Exercise description: If a line in the records below contains the word "LayoutParser", copy it.

*** Opening Supplied data ***

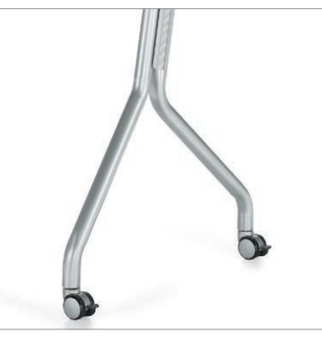
Spider legs with optional locking casters (Bungee)
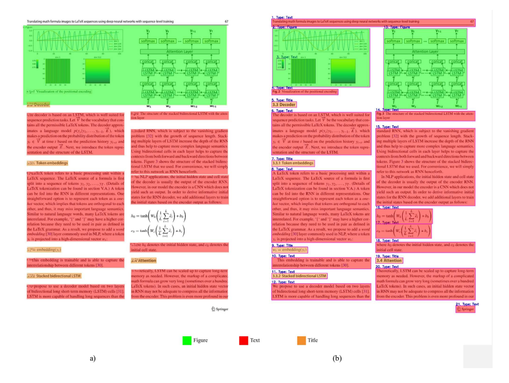
Figure 4. (a) Comparison of the LayoutParser Result and (b) the Developed Application Result.

For the comparison process, making a comparison of a document classified as a middle page will be appropriate because the text classes for the documents classified as first and last pages in the developed application were unique. Figure 4b shows a comparison of the system developed in the study with the results of the LayoutParser model used in Figure 4a.
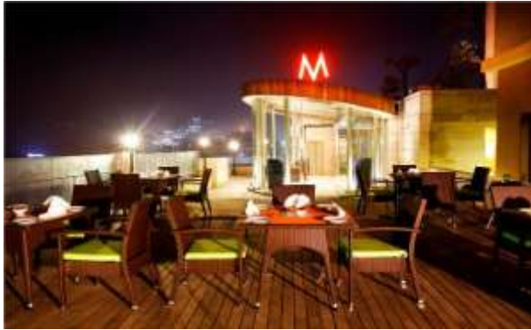
Open Terrace Restaurant
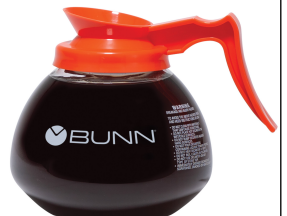
DECANTER, GLASS-ORN 12 CUP 1PK
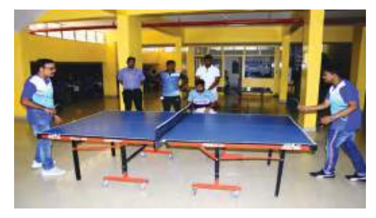
TABLE TENNIS (MEN)
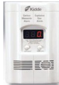
KN-COEG-3 Multi-Gas 5 Year Limited Warranty

A CO alarm that has a digital display and contains a lifetime battery. This alarm has a 10 Year Limited Warranty. It has an AC adapter built in which can be removed to enhance the installation properties. These retail in the $36 to $45 range at popular retail outlets.
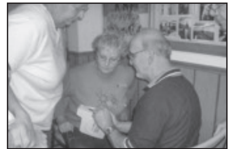
Millbrook Lions train new Vision Screeners

*** Closing Supplied data ***

Task response:
Figure 4. (a) Comparison of the LayoutParser Result and (b) the Developed Application Result.
For the comparison process, making a comparison of a document classified as a middle page will be appropriate because the text classes for the documents classified as first and last pages in the developed application were unique. Figure 4b shows a comparison of the system developed in the study with the results of the LayoutParser model used in Figure 4a.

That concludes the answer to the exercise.